### WORK REQUIRED
Could you transcribe exactly the lines from the one containing "Four sackbutts: tenor, alto, tenor, bass" through the last line of the records below, leaving out the pictures?

*** RECORDS TO USE Section Begins ***

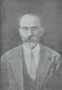 Abolhassan Foroughi - 1930s
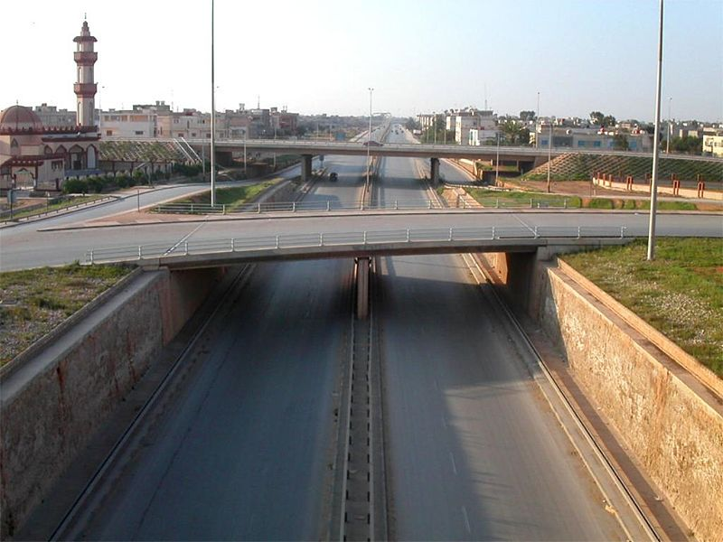 El Leitti neibourhood, Benghazi.
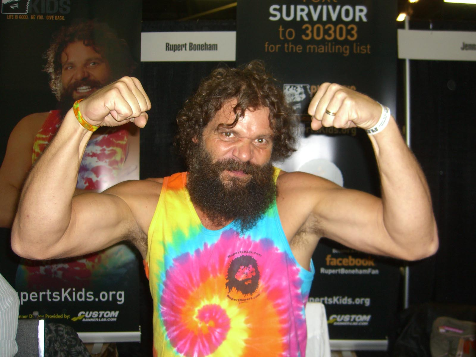 Reality television personality Rupert Boneham at the Big Apple Convention in Manhattan. This photo was created by Luigi Novi. It is not in the public domain, and use of this file outside of the licensing terms is a copyright violation.
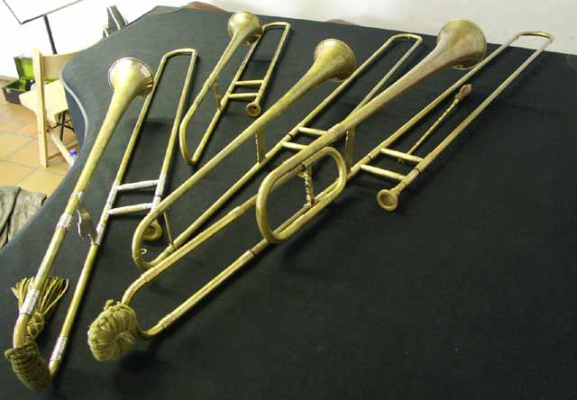 Four sackbutts: tenor, alto, tenor, bass
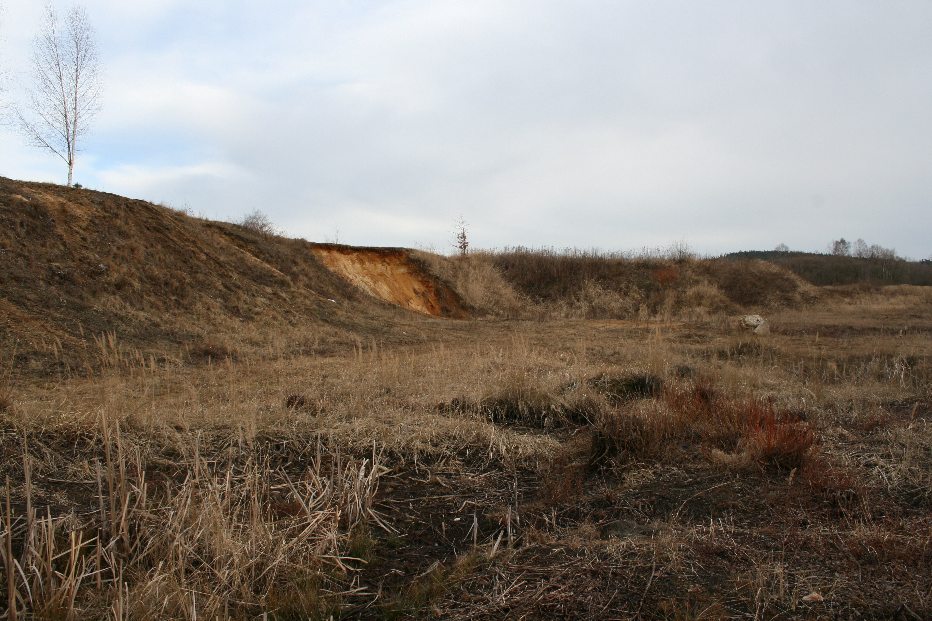 Natural reservation Pískovna na cvičišti near to Jindřichův Hradec, Jindřichův Hradec District, Czech Republic.
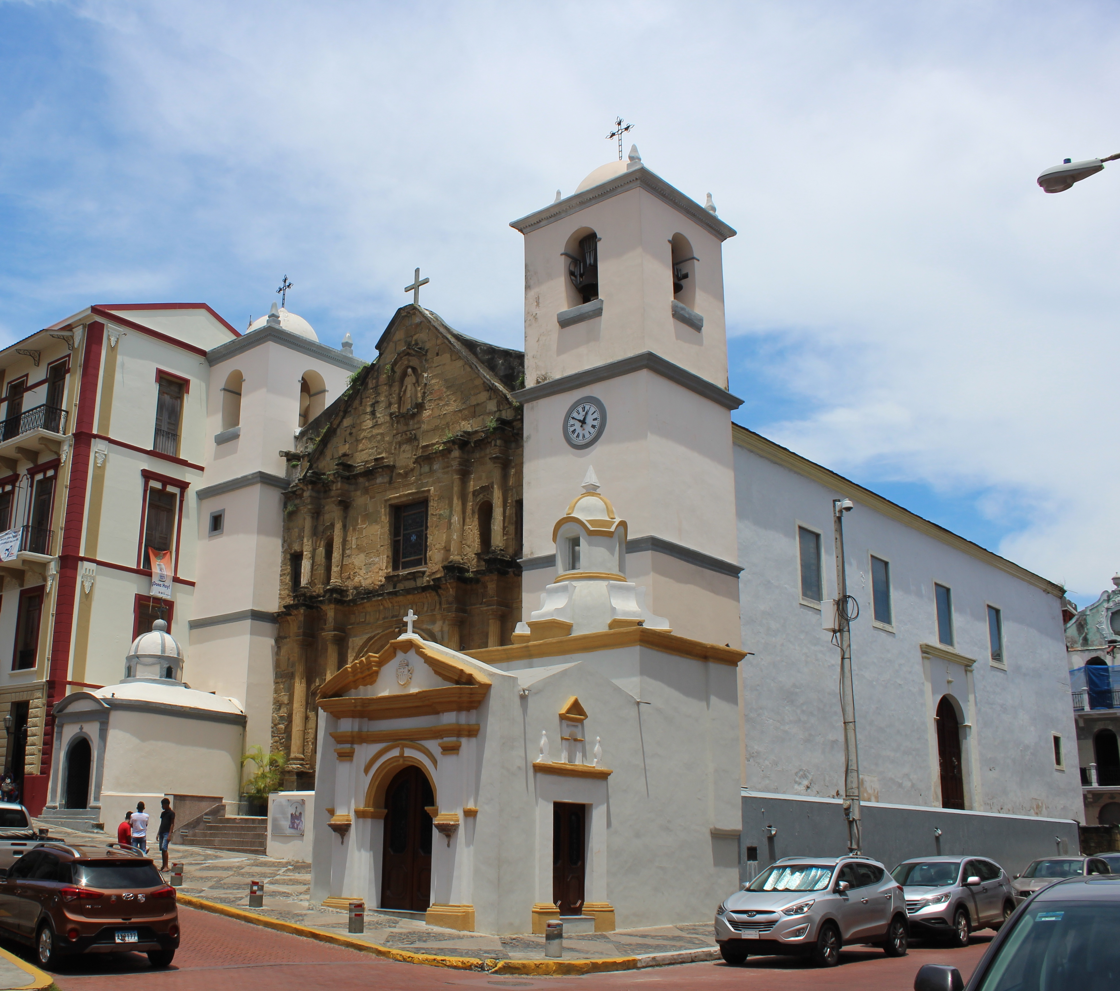 Iglesia de la Merced. Colonial church in San Felipe, Panamá City. Аҧсшәа: Iglesia de la Merced. Iglesia Colonial en San Felipe, Ciudad de Panamá.

*** RECORDS TO USE Section Ends ***

### WRITTEN RESPONSE
 Four sackbutts: tenor, alto, tenor, bass
 Natural reservation Pískovna na cvičišti near to Jindřichův Hradec, Jindřichův Hradec District, Czech Republic.
 Iglesia de la Merced. Colonial church in San Felipe, Panamá City. Аҧсшәа: Iglesia de la Merced. Iglesia Colonial en San Felipe, Ciudad de Panamá.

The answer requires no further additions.